I mean, they did do that? Federal law from 1992 mandates the gpm flow of
shower heads. The law says:

> "all faucet fixtures manufactured in the United States restrict maximum
> water flow at or below 2.5 gallons per minute (gpm) at 80 pounds per square
> inch (psi) of water pressure or 2.2 gpm at 60 psi."

In 2005 the feds had to pay a visit to a shower head manufacturer last decade
to force them to stop producing non-conforming shower heads:
[https://www.seattlepi.com/local/article/Seattle-says-
shower-...](https://www.seattlepi.com/local/article/Seattle-says-shower-heads-
too-wet-1190772.php)

Literally the police aren't going to come around forcing _you_ to give up your
current shower, they're just forcing _all companies_ to produce and sell only
certain kinds of showers.

Why _wouldn 't_ a reasonable person who cares about something like this feel
personally attacked?

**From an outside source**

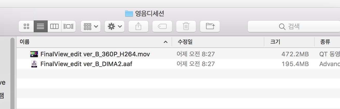 영상 음향 디자인 수업 때 실습으로 받은 파일이다. 이렇게 편집실에서 넘긴 AAF파일과 mov영상 파일 2개를 받는다.
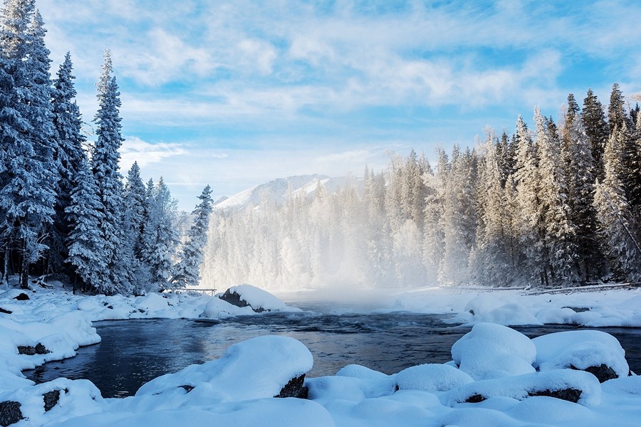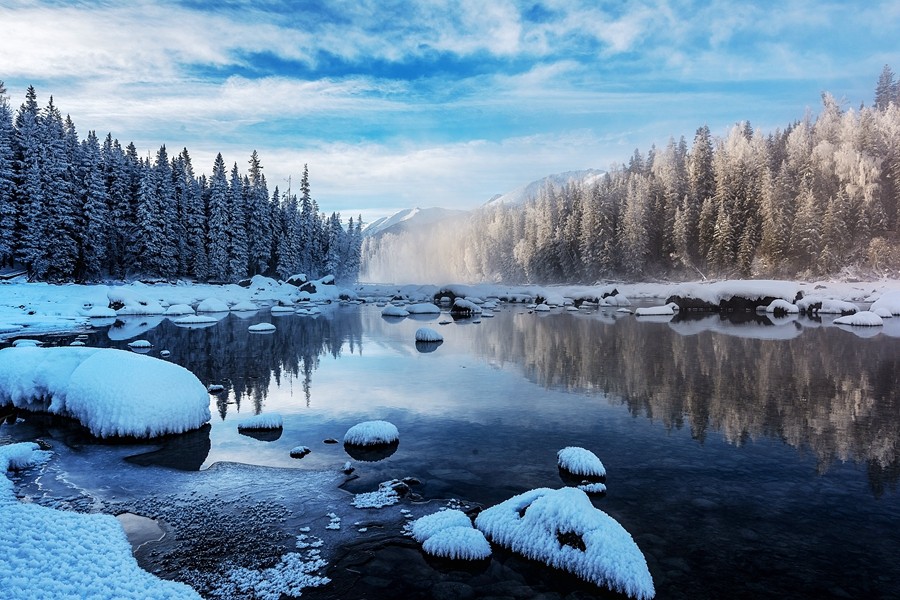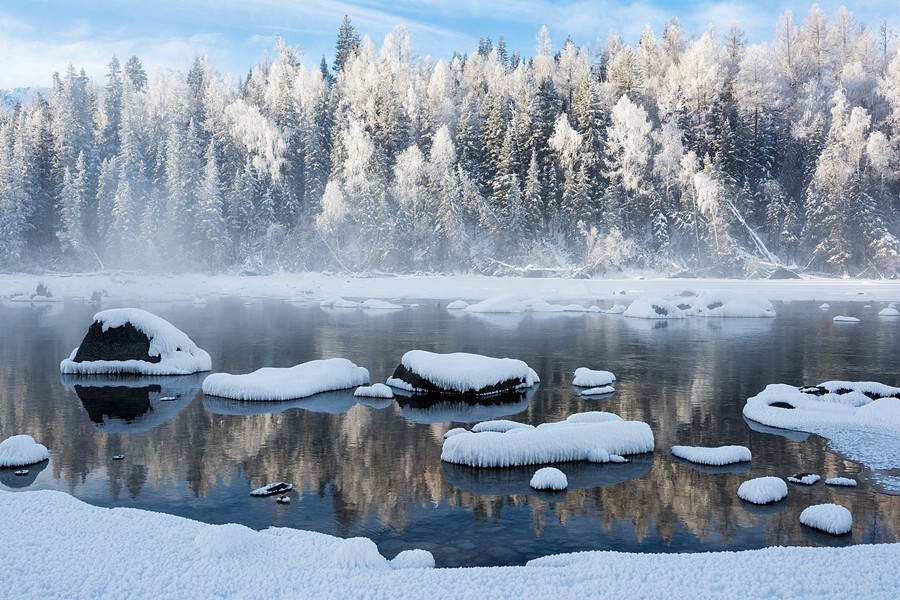 雪,是冬天最意蕴深远的留白,也是对春天最绵长的广告。冬日的喀纳斯,烟雾袅袅、群山静谧,在清白纯澈又安定的冬日时光中,喀纳斯化身为漂亮的使者,泛起出一片晶莹剔透的冰雪乐园,挂满枝头的雾凇在蓝天白云下,演出着奇异的风姿银枝招展,泛起出一片雪染的风范,让人怦然心动。(文家坡矿  董凤艳)

They already _were_ attacked! There seems to be no reason
to assume that federal law that already exists around this issue won't tighten
more. In their eyes you're basically saying: "Why are people worried the
government will interfere with [things they've been interfering with for
decades]?"

(note I personally don't care about this issue, but it seems like there's
already a history of forcing XYZ on people here, so it seems natural that
people would resist further intrusion or whatever. "What if that's good" is a
separate argument.)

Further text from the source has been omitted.